- Origin: San Francisco, California, United States
- Genres: Hardcore punk, punk rock, melodic hardcore
- Years active: 2003–2006, 2013-current.
- Labels: Fat Wreck Chords, No Idea
- Members: Jason Hall Ken Yamazaki Chad Williams Mitch Paglia
- Past members: Sam Johnson Tyson "Chicken" Annicharico Tony Teixeira

= Western Addiction =

American punk rock band

Western Addiction is an American punk band based in San Francisco, California, United States. The band was formed by four veterans of the punk scene. Some of the members previously worked for Fat Wreck Chords.

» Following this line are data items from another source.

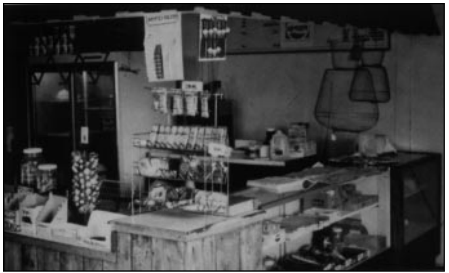
Concessions can increase profit potential.

Intensively managed fee-fishing operations should have multiple ponds. This enables the manager to better control fishing success and to isolate and treat diseases or other problems. If several ponds are available, the manager can move patrons to ponds where fish are actively biting, assuring successful and satisfied customers. Fish can be moved from one pond to another to increase densities and catchability. Also, fish of unknown condition (i.e., purchased off-farm) can be isolated in a separate pond away from other fish so there is no chance of disease transmission. If a single pond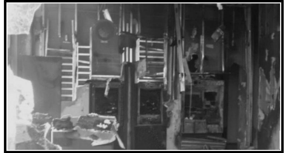
BUENOS AIRES, ARGENTINA: Responsibility Claim for the Explosive Attack Against a Santander Rio Bank Branch

I wondered how it was that white people were simultaneously supposed to 'shut up and listen', 'make space for POC', 'don't speak for POC', but also 'put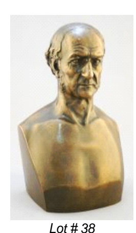
38 Bronze Bust of Gladstone Signed T. (Thomas) Woolner 1882, 8 7/8" High.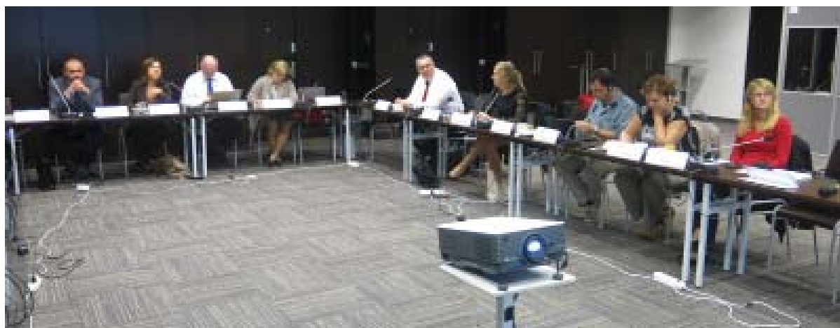
CEEP Project, seminar in Prague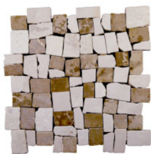
Blend / Code: xq3rtwh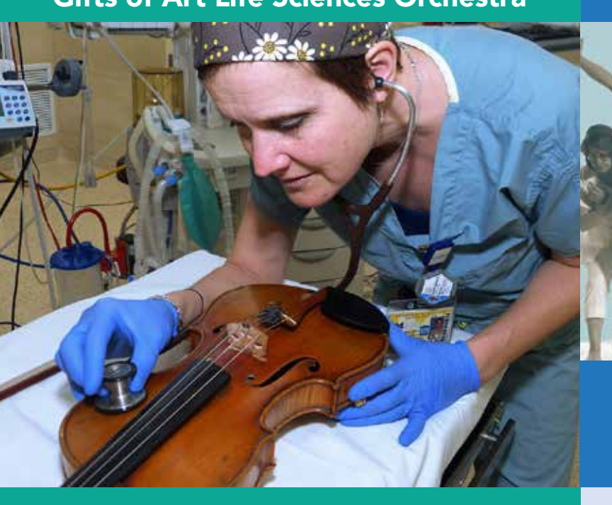
The Gifts of Art's Life Sciences Orchestra members continue to make music a priority despite demanding medical and health science careers. The Orchestra annually performs two concerts of challenging symphonic repertoire.

Founded in 2000, the Life Sciences Orchestra is the symphonic orchestra for members of the life sciences community at Michigan Medicine at the University of Michigan in Ann Arbor. One of the branches of the Gifts of Art program, the Orchestra is comprised of doctors, nurses, staff and students at the University of Michigan Medical School and related Life Sciences departments. The Orchestra was created in the fall of 2000 by a small group of musicians. Now in its 18th season, the ensemble draws nearly 2,000 audience members for each of its two free annual concerts.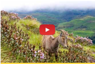
ENJOY THE VIEW OF NEELAKURINJI AND NILGIRI TAHR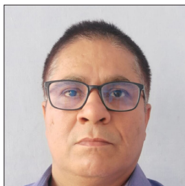
Sarveshwar Shukla Joint Commissioner, MSME and Export Promotion, Government of Uttar Pradesh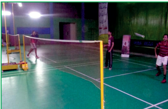
Badminton Match organized at Shehbaz Sharif Complex Rawalpindi – 24th Mar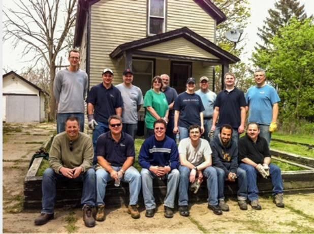
Patti Engineering's team of volunteers help Grace Centers of Hope to rebuild Pontiac!

Click here to read the rest of the story.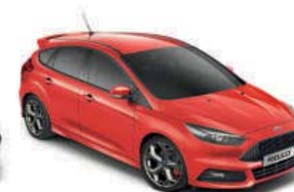
Race Red Solid body colour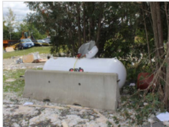
Propane tank involved in the explosion described in the FFFIPP Investigation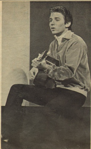
HANDSOME BOBBY SHERMAN , originally discovered at a party thrown by Sal Mineo, is one of the most popular Shindig regulars. In his spare time Bobby runs his own recording studio, produces film shorts and plays eight musical instruments.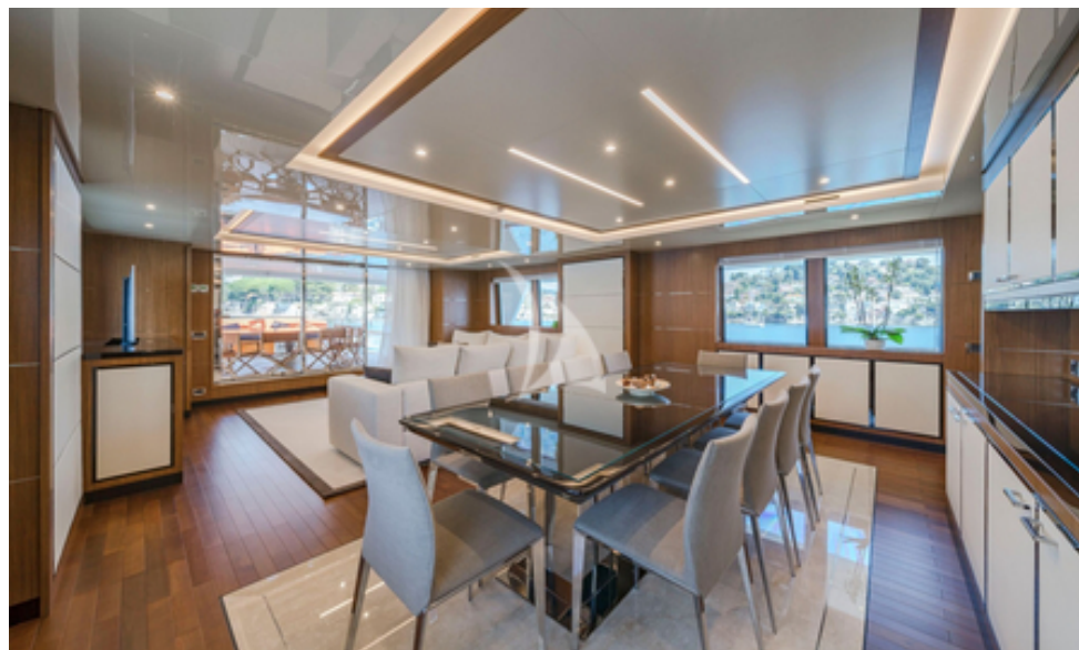
FIORENTE - Main salon - 2018

They have toured internationally in both the USA, Europe, and Japan.

==Members==
- Jason Hall - Vocals
- Ken Yamazaki - Guitar
- Mitch Paglia - Bass
- Chad Williams - Drums

==Past members==
- Sam Johnson - Bass/Vocals
- Tyson "Chicken" Annicharico - Bass/Vocals
- Tony Teixeira - Guitar

==Discography==
===Albums===
- Cognicide (2005)
- Tremulous (2017)
- Frail Bray (2020)
- Psychedelic Munitions (2026)

===EPs & 7"s===
- New Mexican Disaster Squad/Western Addiction Split (2004)
- Remember to Dismember (2003)
- Pines (2013)
- I'm Not the Man That I Thought I'd Be (2015)

==Trivia==
- Ken Yamazaki played in Enemy You, and also in Dead to Me with bandmate, Chicken.
- Chicken plays in Dead to Me and was nominated as 'Sexiest Vegetarian' by PETA in 2006.
- Chad Williams plays in Complaints and formerly Radio Reelers.
- Sam Johnson played in Dead to Me, No Friends, VRGNS and New Mexican Disaster Squad.
- Tony Teixeira currently plays bass with Swingin' Utters.